Wyoming Fossil Find Helps to Explain Mammalian Carnivore Evolution

“Polecat Dogs” Galecyon mordax et al and Mammalian Carnivore Evolution

As 2015 draws to a close, after all, this time next week it will be 2016, team members at Everything Dinosaur have been reviewing a paper published in the most recent issue of the “Journal of Vertebrate Palaeontology” (we can’t bring ourselves to use the “Americanised” spelling), entitled: “The postcranial skeleton of Galecyon: evidence for morphological and locomotor diversity in early Hyaenodontidae (Mammalia, Hyaenodontida)”.

Exactly one hundred years ago the fossil bones of an Early Eocene carnivorous mammal were scientifically described.  The fossils, including skull bones, jaw fragments and teeth were between 55 million and 50 million years of age and demonstrated an early radiation of the Mammalia towards larger predators after the demise of the Dinosauria.  Subsequently the fossil bones were assigned to the genus Galecyon and a number of species have been erected for example, Galecyon mordax (the name translates from the Latin as “biting polecat dog”- we think).  In this newly published paper, scientists from the University of Arizona in collaboration with colleagues from The Johns Hopkins University (Baltimore, Maryland) were able to pull together a number of Galecyon fossil finds, including limb bones and from this study they have concluded that this fox-sized hunter was on the way to becoming a fully terrestrial carnivore.

An Artist’s Rendition of the Ancient Carnivore

An artist’s rendition of the shape of Galecyon, with its fossilised bones laid out anatomically.  Background shows fossil formation, right humerus (inset).

An artist’s rendition of the shape of Galecyon, with its fossilised bones laid out anatomically. Background shows fossil formation, right humerus (inset).

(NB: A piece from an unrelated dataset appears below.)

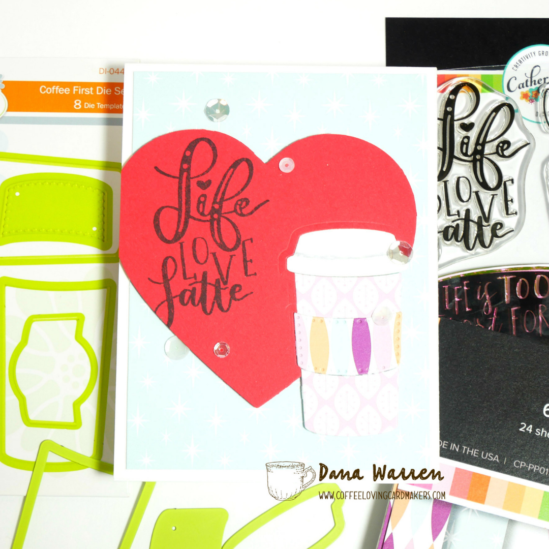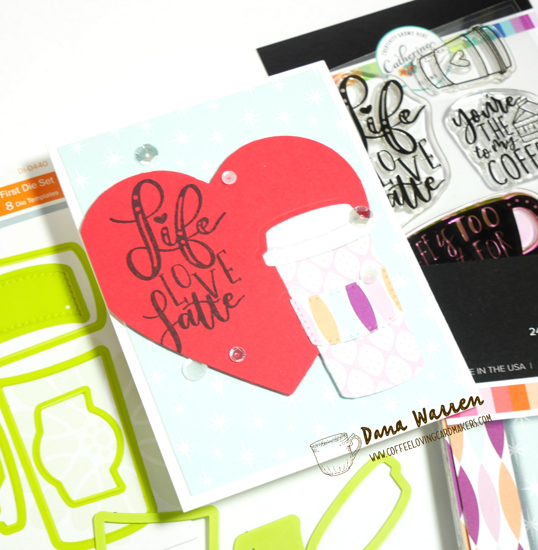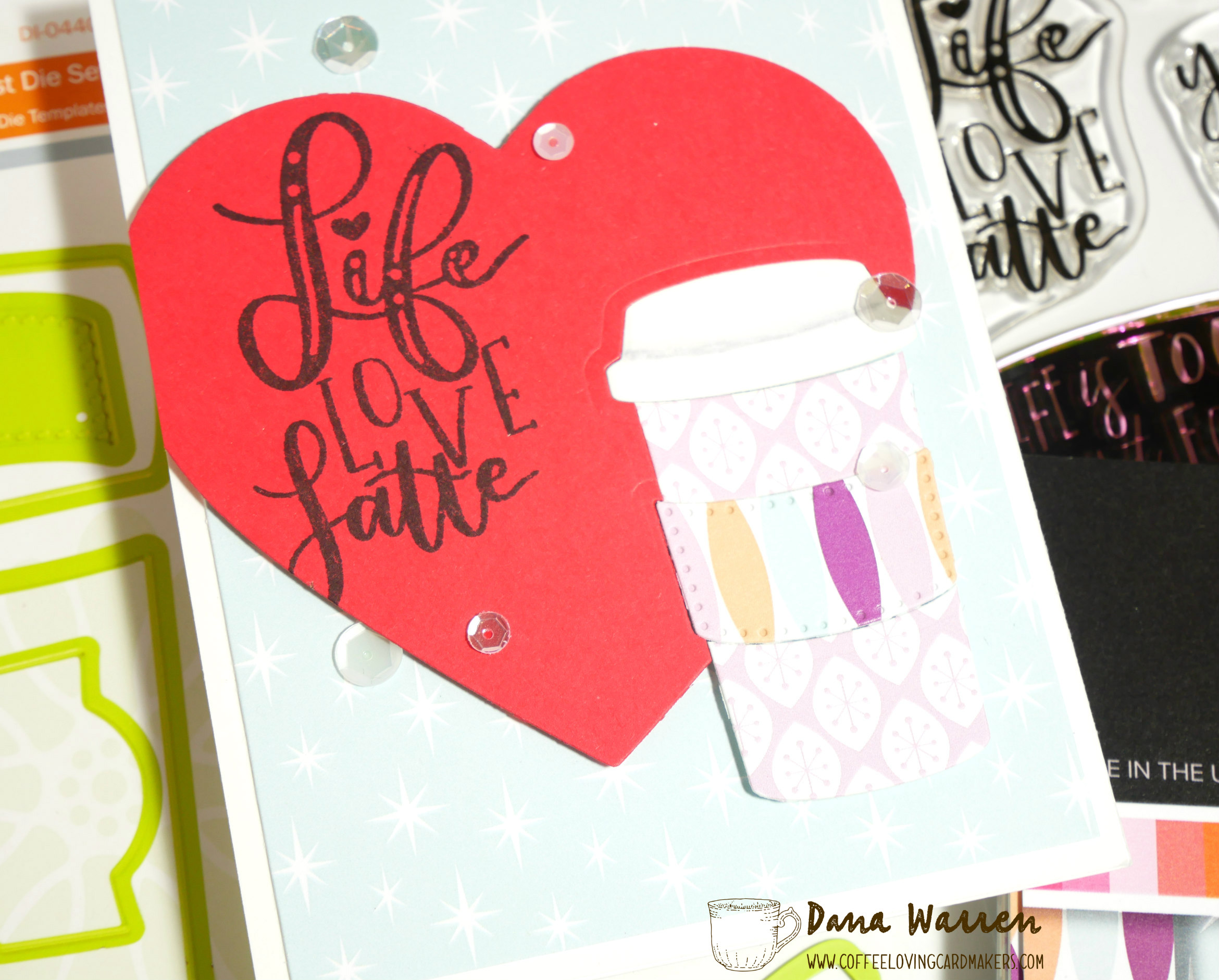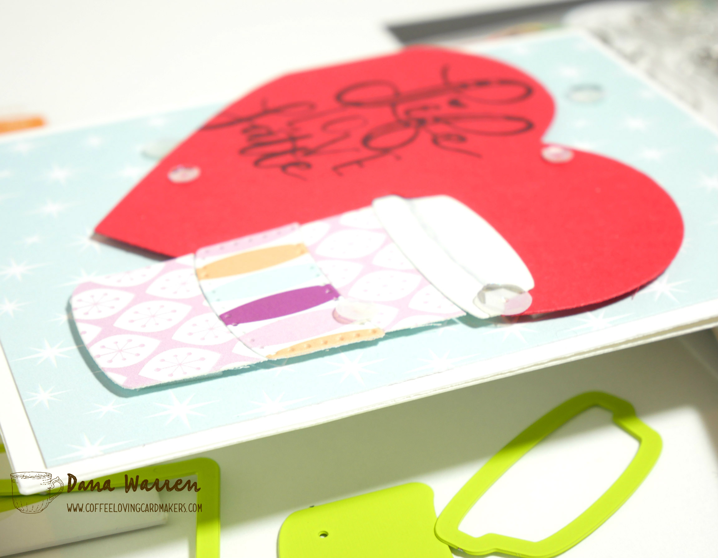 At this point I decided to add my heart and coffee with foam tape. So I trimmed some pattern paper and adhered it to a white card base. Then I just added the heart and coffee cup with foam tape matching up the pieces like a puzzle. The heart and coffee cup are all one layer!

Picture Credit: Journal of Vertebrate Palaeontology

The picture above shows a silhouette of the Early Eocene carnivore with the fossil bones used in the study placed in the correct anatomical position.  The Willwood Formation of Wyoming (southern Bighorn Basin), the location where the majority of the Galecyon material come, from is shown in the background.  The enlarged bone featured is the right humerus (upper arm bone).  From the subsequent analysis of the limb bones, the researchers were able to deduce that Galecyon was better adapted to a cursorial, terrestrial existence than its contemporaries which showed anatomical adaptations more akin to a climbing (scansorial) habit.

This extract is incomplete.